My colleagues and I first designed a survey to understand teachers' needs for online teaching. We then provided common and individualized support. Since February 2020, I have also participated in the preparation and video-recordings of the Shanghai High School Physics Air Classroom in Shanghai. Online teaching did not simply mean moving "offline teaching" online – it has its own characteristics in the restructuring of teaching, re-organizing contents, and re-capturing students' attention. For us, it was a completely new challenge and exploration.”

Also from Shanghai, Jiaxiang Shi, another Teaching Research Officer at district level, says the middle-tier has played a key role in bridging teachers, schools, administrators throughout the crisis.

"I need to go down to the grassroots level and meet teachers on the frontline, to collect their opinions, to understand their needs, and to advise school administrators to adjust or improve school teaching and learning policies."
- Jiaxiang Shi, Teaching Research Officer, Shanghai, China.

"During COVID-19, I suggested to the schools in my district to organize efficient teacher learning on user-friendly online teaching technology. I frequently organized online meetings and online teacher development sessions to collect teachers’ feedback and questions, such as whether the teachers should answer the students' questions in time and how to improve efficiency of students' homework tutoring in an interactive way.”

Prioritizing the well-being of school leaders in Wales 

From Wales, Ian Gerrard, the Head Teacher at Ysgol Aberconwy and Associate of the National Academy of Educational Leadership, shares his experience in ensuring that policy-making reflects the realities of teaching and learning during COVID-19. 

Ian Gerrard, the Head Teacher at Ysgol Aberconwy, and Associate of the National Academy of Educational Leadership in Wales.

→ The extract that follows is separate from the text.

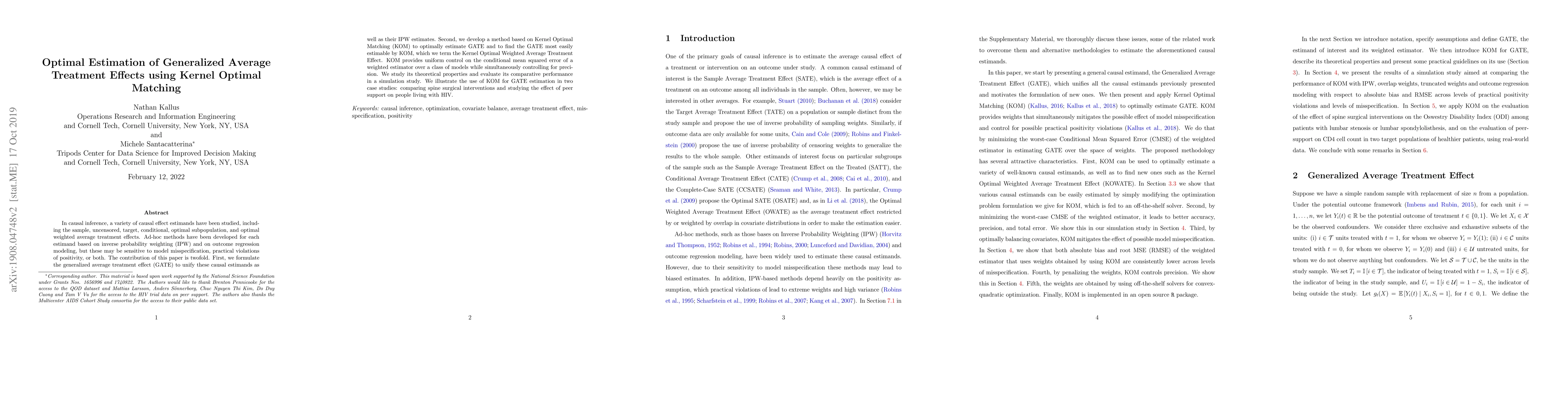This paper unifies various causal effect estimands under the generalized average treatment effect (GATE) and introduces Kernel Optimal Matching (KOM) to estimate GATE, offering a robust method that controls for model misspecification and precision. The KOM method is evaluated through simulations and applied in two case studies on spine surgery and peer support for HIV patients.

“COVID-19 has clearly had an impact on the well-being of Head Teachers and Senior Leaders in schools.  As an associate of the National Academy for Educational Leadership in Wales, I have been actively involved in gauging how school leaders are faring and asking them to help us to reflect on their role through the design and analysis of a national well-being survey.

"We wanted to know how teachers were feeling and how we could help them."
-Ian Gerrard, the Head Teacher at Ysgol Aberconwy and Associate of the National Academy of Educational Leadership, in Wales.

The subsequent report has given real insight into the challenges they face – indicating that workload has the greatest impact on school leaders’ well-being. The report also explores what well-being means to school leaders and where they get support from. We also wanted to identify what can be done to support school leaders during the crisis and beyond and to this end the report has started to impact the thinking of policy-makers and other middle-tier organizations. It is clear that a lot of policy-makers are now putting well-being front and centre in their decision-making.”